Nikolay Hristov devamla: Yurtdışına ihraç ediyoruz. En büyük oranda dışarıya satış yaptığımız ülke Romanya. Geçen yıldan itibaren de İspanya, İngiltere ve Almanya’da da ihraç ediyoruz” dedi ve ekledi:
Genelde bu bölgede yetişen sebze ve meyveleri işliyoruz. Egzotik ve dışardan getirilen sebze ve meyveler işleme tesislerimizde yer almıyor. Aynı şey kuru yemişler için de geçerlidir. Sadece bölgemizde yetişen kuru yemişleri işliyoruz. İhracatımızda en büyük pay, birkaç çeşit kurutulmuş eriklere ait, geçen yıldan itibaren ise yerli cinslerden kurutulmuş kayısı da ürünlerimiz arasında yerini aldı. Bizler yüksek mağliyetinden dolayı Moldova veya Sırp ürünleriyle rekabet edemesek de, şöyle büyük bir önceliğimiz var. Olağanüstü lezzetli ürünlerimiz var ve bu lezzeti yetiştirdiğimiz yerli meyve ve pek fazla olmayan sebze cinslerine ve bölgemize borçluyuz. Onlar zaten daha meyvede çok lezzetli oluyorlar ve daha sonra da işlendikten sonra elde ettiğimiz ürünün lezzetin eşi benzeri olmuyor. Dediğim gibi bunlar erik, kayısı ve kuru yemişlerden başta çeviz geliyor.

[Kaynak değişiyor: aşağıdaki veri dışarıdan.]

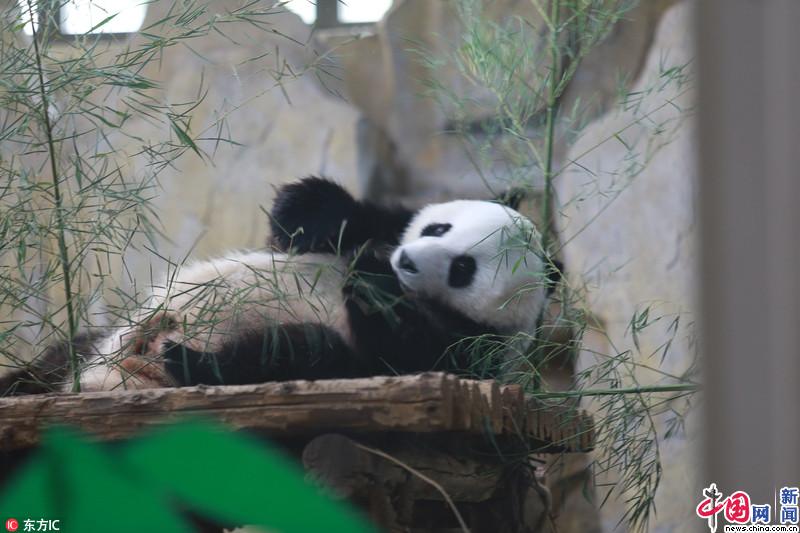 济南36℃酷暑难耐 大熊猫抱着冰块不撒爪!(   / 5 )

Nikolay Hristov, “Bölgemizde mevcut çeviz ağaçlarının yaşı 15’i buldu ve ilk olarak dikilen fidanlar artık meyve vermeye başladı. Yenilerin yanısıra eski çeviz ağaçları da hayli fazla. Bunlar kara yollarının boyunda olduğu gibi orman işletmelerinde de ceviz bahçeleri mevcut. Yani çeviz ağacı çok da, onları toplayacak insan yok. Tüm sorunlar da buradan kaynaklanıyor” diyerek önemli sorunlardan bir tanesine parmak bastı.

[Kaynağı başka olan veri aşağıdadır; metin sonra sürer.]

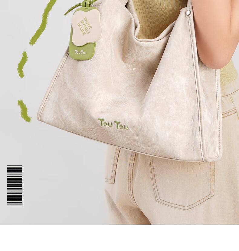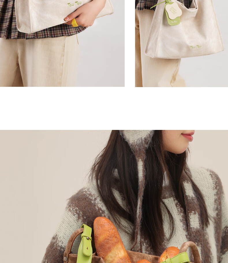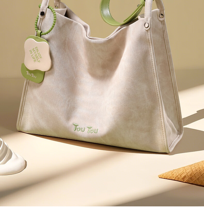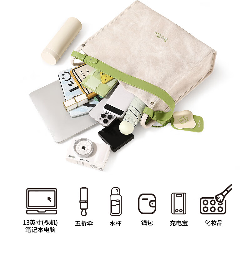 toutou抹茶托特包2025春季新款撞色大容量通勤质感百搭腋下大包包 现货奶油白春上新浅春穿搭

Genç iş adamı, ülkemizdeki sebze ve meyve işleme tesislerinin yetersizliğine dikkat çekiyor:
Bulgaristan’da böyle tesisler mevcut, fakat ağırlıklı olarak Güney Bulgaristan’da bulunuyorlar. Kuzeydoğu Bulgaristan’da ise başka böyle tesis yok, sadece kurutma tesisi olarak konuşmuyorum. Ülkemizde tarımın her alanında işleme tesislerine ihtiyacı duyuluyor- yani tahıl üretimi, sebze ve meyve üretimi. Şu aşamada herkes üretiyor ve satıyor. Bundan dolayı ürünü satmak en ucuza geliyor ve gelirler de düşük oluyor. Ekonomik açıdan katma değerin çok önemli olduğu kanıtlanmıştır.

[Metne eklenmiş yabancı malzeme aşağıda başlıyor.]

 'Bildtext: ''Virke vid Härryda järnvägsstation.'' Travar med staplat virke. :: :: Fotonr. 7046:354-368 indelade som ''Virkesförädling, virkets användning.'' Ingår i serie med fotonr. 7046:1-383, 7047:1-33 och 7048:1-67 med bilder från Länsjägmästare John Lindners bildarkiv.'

Nikolay Hristov’un özel olarak Bulgaristan Radyosuna verdiği demeçte konu, tekrar meyve bahçelerine geldi:
400 dka meyve bahçemiz var, yıl boyunca yanımızda 15 kişi çalıştırıyoruz. Yoğun iş sezonunda daha 10 kişiye iş veriyoruz, çünkü bizim birçok faaliyetimiz mekanize ve optimize edilmiştir. Diğer bahçe sahipleri gibi sezon içinde yüzlerce işçiyi işe alma alışkanlığımız yok, bu bahçelerde olduğu gibi, işleme tesisleri için de geçerli. Bugünkü çalışmalarımızdan bahsedecek olursam, ürettiğimiz kurutulmuş meyvelerin paketleme işlerini yapıyoruz, çünkü zincir mağazalara yapılacak dağıtım kampamyasının arifesindeyiz.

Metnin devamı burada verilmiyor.